Another ring. Adele was about to shut the phone, when there came an interruption of static, and then a voice on the other end said, “Hello, who is this?”
The voice was alert, urgent.
“Hello, my name is Agent Sharp, I’m with Interpol. Is this Mr. Johnson?”
She heard a faint voice now, as if the phone had been lowered for a moment. “Honey, it’s Interpol; they’re on the line. Yes, right now. Hurry.”
Then the voice became louder again. “Sorry about the delay. We were walking the dog. Any update? Well—” A pause, and the man cleared his throat. “I imagine you’re calling about our daughter.”

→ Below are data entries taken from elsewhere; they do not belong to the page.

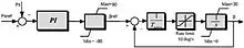 As in the figure at the right, the reference pitch angle is compared with the actual pitch angle b and then the difference is corrected by the actuator. The reference pitch angle, which comes from the PI controller, goes through a limiter. Restrictions are important to maintain the pitch angle in real terms. Limiting the change rate is especially important during network faults. The importance is due to the fact that the controller decides how quickly it can reduce the aerodynamic energy to avoid acceleration during errors.[3]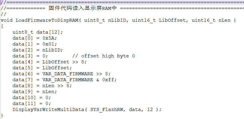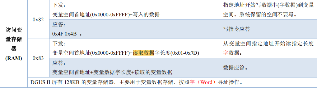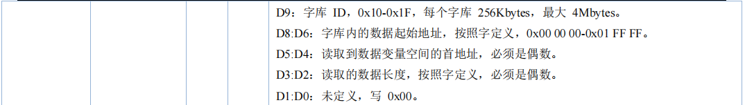 這樣用一條指令,就可以把bin文件讀取到迪文屏變量空間RAM中,57344個(gè)U16類型數(shù)據(jù)就是112K,所以bin文件最大是112K,比較好操作,雖然每個(gè)字庫(kù)文件是256kbytes,bin文件可以到256kbytes,就需要多次進(jìn)行讀。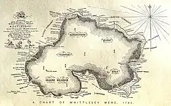 According to the traveller Celia Fiennes, who saw it in 1697, the mere was "3 mile broad and six mile long. In the midst is a little island where a great store of Wildfowle breed.... The ground is all wett and marshy but there are severall little Channells runs into it which by boats people go up to this place; when you enter the mouth of the Mer it looks formidable and its often very dangerous by reason of sudden winds that will rise like Hurricanes...."[2]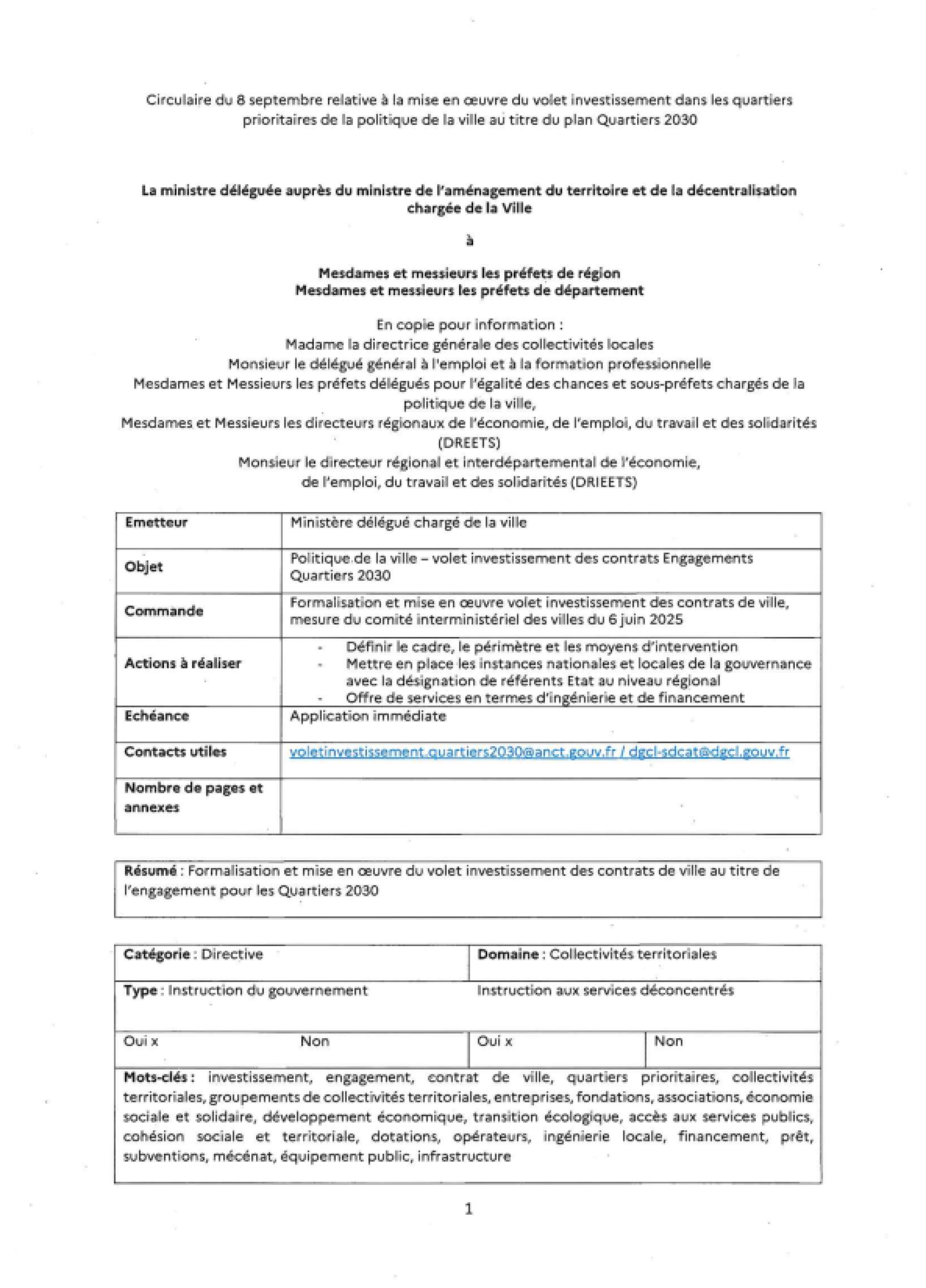 La circulaire du 8 septembre 2025 adressée aux Préfets permet de préciser les modalités de formalisation et de mise en oeuvre de ce volet investissement, ainsi que la mesure du Comité interministériel des Villes (juin 2025) visant à recruter, à titre expérimental, 30 chefs de projet dédiés, co-financés par la Banque des territoires.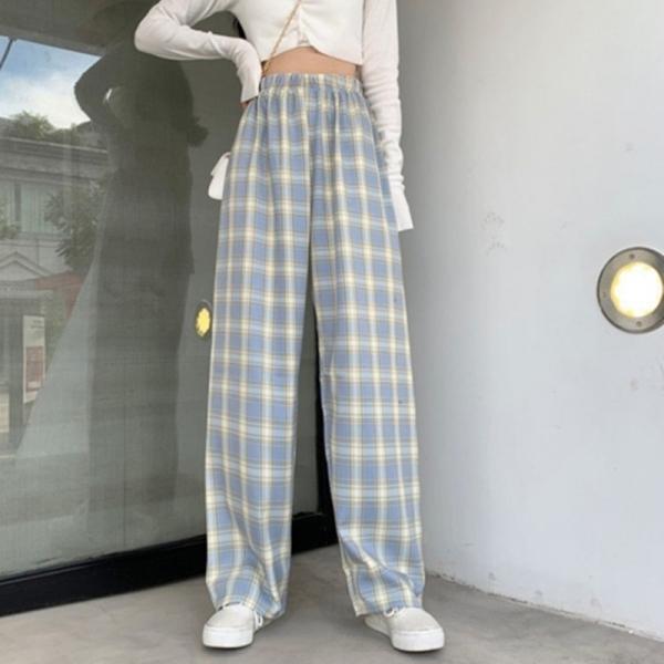 홈웨어 와이드 쿨 여름 밴딩 고무줄 통 바지 체크무늬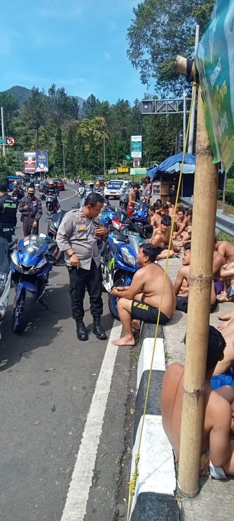 Minggu 14 mei 2023 sekitar jam 09.00 WIB Di sepanjang Jalur Wisata Puncak Desa Tugu Utara Kec Cibinong Kabupaten Bogor dilakukan Penindakan, yang mana Bermula Oleh laporan Masyarakat tentang adanya Aktivitas Komunitas Sepeda Motor Yang Mengganggu Ketertiban Umum Yang Berlokasi Di SPBU Tugu, Para Anggota Komunitas Tersebut Melakukan Konvoi Secara Ugal-ugalan Serta tidak Memakai Helm Dan Pakaian (telanjang dada) juga alas kaki, dengan Cepat Sat Lantas Polres Bogor langsung bertindak mengambil langkah antisipasi gangguan Kamtibmas tersebut.
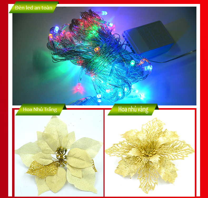 Bộ đèn led giáng sinh kèm theo hoa nhủ vàng nhủ trắng
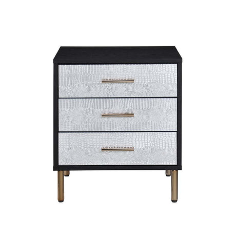 Nicola - Nightstand - Silver PU & Black Finish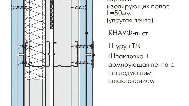 - La technologie d'installation des cloisons sèches Knauf permet la création de murs avec une résistance maximale, par conséquent, pour renforcement de sections individuelles de la structure il est nécessaire d'utiliser un profil double (insérer un dans un avec un chevauchement de 10% de sa largeur).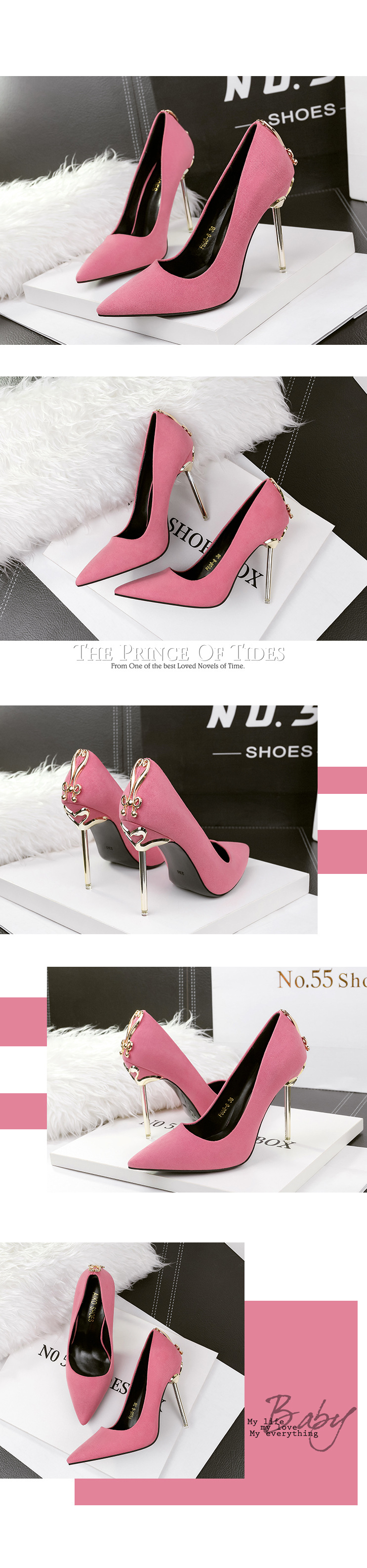 608-6 패션 클래식 얇은 굽 금속 버클 나비 하이힐 여성 신발 여성용 스웨이드 새로운 슈퍼 하이힐 싱글 슈즈스토어 가기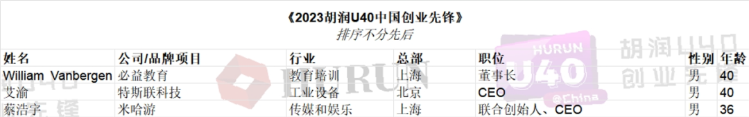 2023胡潤U40中國創(chuàng)業(yè)先鋒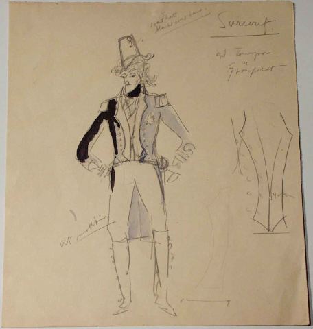 • Man i ljusblå uniformsrock med epåletter, svart i hals och på högerarmen, vita byxor, höga knäppta damasker, hög hatt. Vid sidan: beskrivning på rockuppslag.

Adele caught herself before she nodded, and said, crisply, “Yes. I’m sorry if there’s been any delay on our part. Your daughter is still alive, I wanted to lead with that—”
Before she could continue, she heard a quiet gasp on the other end. The second, fainter voice she could barely make out said, “Thank you, God. Thank you, dear Jesus.”
The first voice, Mr. Johnson’s, said, “That’s good to hear. Last we heard, they weren’t sure she was going to make it.”
Adele wrinkled her nose. She hadn’t realized she’d been designated to be the sole deliverer of news to the Johnson family. She supposed because she was American, it made sense the Germans had left it to her. She quickly switched tack, trying to take this new role in stride. “It’s still early days,” Adele said quickly. “She’s not in a good way. I’m not going to lie to you. They’re still not sure she’s going to fully recover.”
As she spoke, Adele felt her voice quaver. A slight fragmentation of sound—but one that caught her off guard all the same. Though she kept the phone raised, her brow furrowed. A swell of strange emotions was rising in her chest. Adele closed her eyes, trying to focus—but though Mr. Johnson was replying to her on the other end, she found it difficult to attend to his words.
Bleeding… Bleeding… Always bleeding…
A flash of an image—a dream, or a snapshot from an old photo—Adele hardly remembered. It came to her at night, usually. Her mother, mutilated, lying in a French garden. Dead. She remembered flying back to Germany to be with her father immediately following. She remembered the phone calls… much like this. Phone calls from nations away. Phone calls picking apart the most harrowing experience of their lives, interviewing—questioning. And at the end of it?
Nothing. Her mother still dead. The killer gone.